I came to coin the cli-fi term for two reasons: I'm a climate activist of the literary kind. And I felt that climate change was such a huge and dramatic existential issue that it cried out for a literary genre of its own. That was my feeling in 2010, and still is today in 2018.
In the end, cli-fi is a literary cousin of sci-fi. The difference between them is that sci-fi is more speculative and escapist and entertainment oriented, while cli-fi is based on reality and real science. That's what sets the two genres apart.
Cli-fi was made for the 21st Century. And here we are: floods, heat waves, wildfires, droughts, water wars, climate refugees, a major city in South Africa , Capetown, facing water shortages. I didn't invent cli-fi. Cli-fi invented itself.
Such novels, with the correct science behind them, can help give readers an emotional release to vent their fears and anxieties about global warming. They are about empathy. That's what good storytelling can do.

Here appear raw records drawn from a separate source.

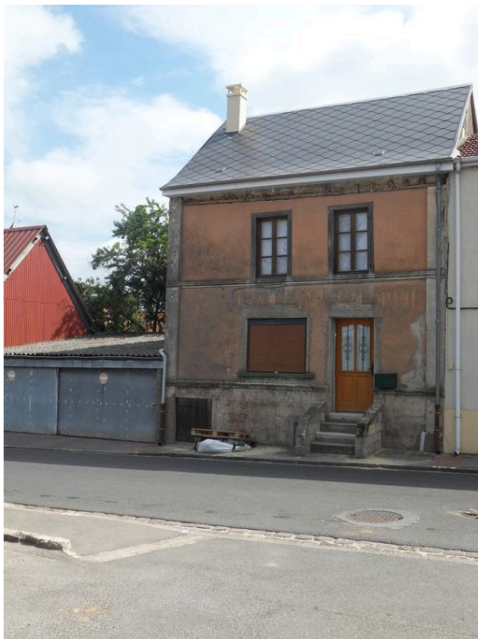
Saint-Ouen, maison, 3 rue Philippe-Louis, construite vers 1862.
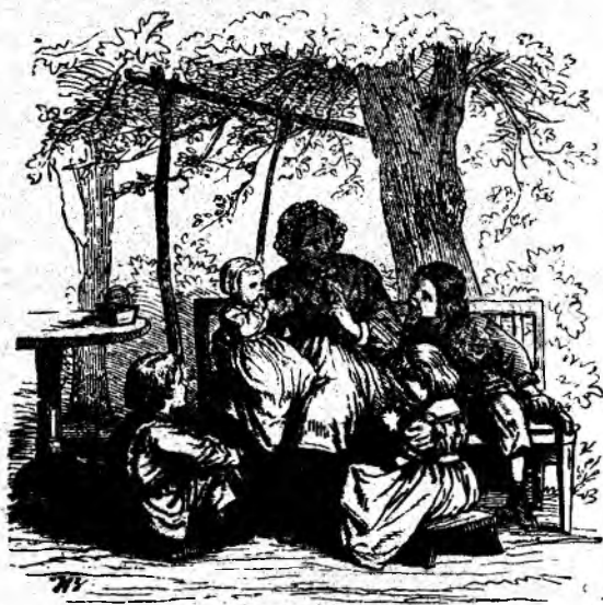
Bunica și nepoții.

— Îți mulțumesc, bărbățele. Apoi urmează un
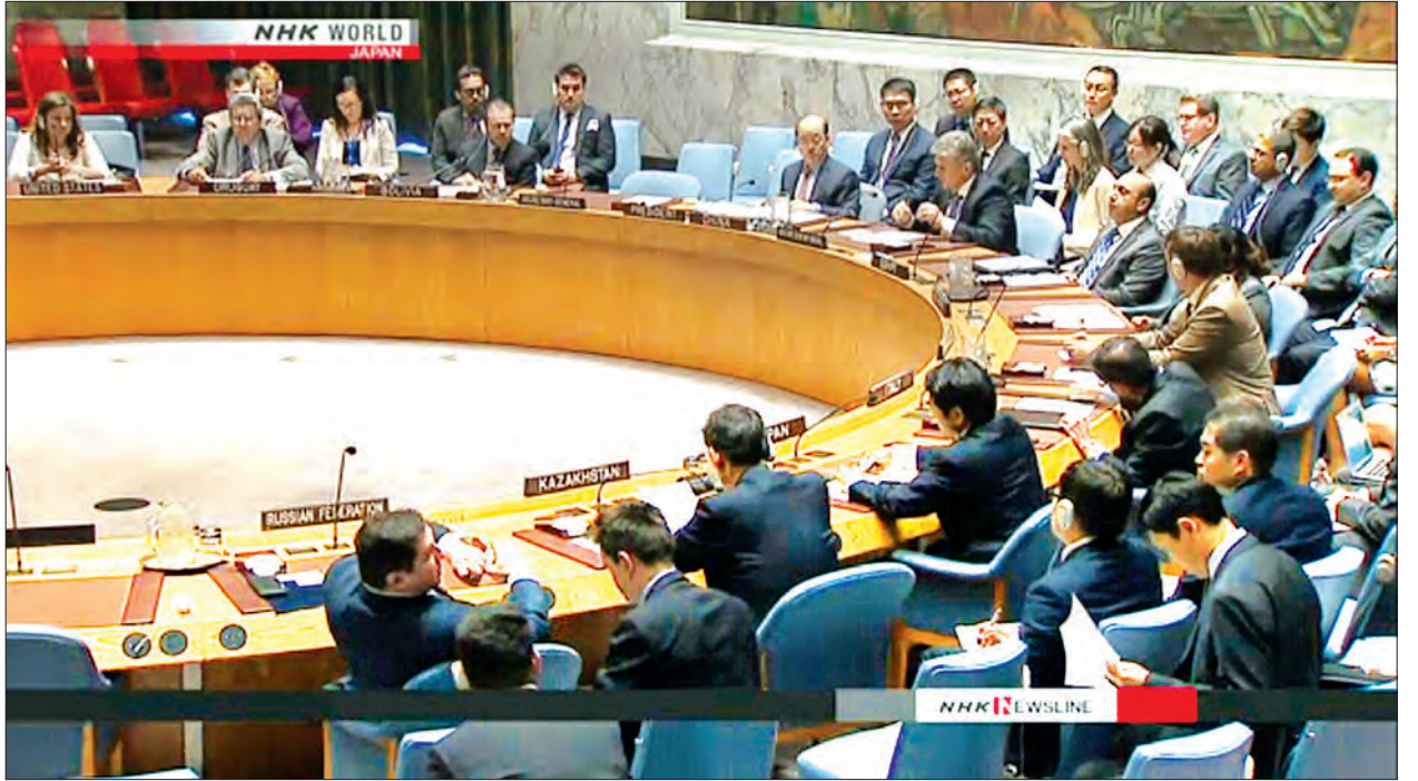
လီယူဂျယ်ရီကမူ မြောက်ကိုရီးယားကျွန်းဆွယ်အရေးတွင် တင်းမာမှုများ

''Cli-fi stories are vehicles that can help us imagine," Professor Abraham concluded in his Guardian op-ed. "The authors get us to think about these 'what ifs' – these future Earths. Cli-fi novels (and movies for that matter) can make experiences far more real than endless graphs or plots of temperature variations. And that, perhaps, is the most important contribution cli-fi can make to the discussion of climate change in our everyday lives. These authors get us to imagine what experiences are or would be like."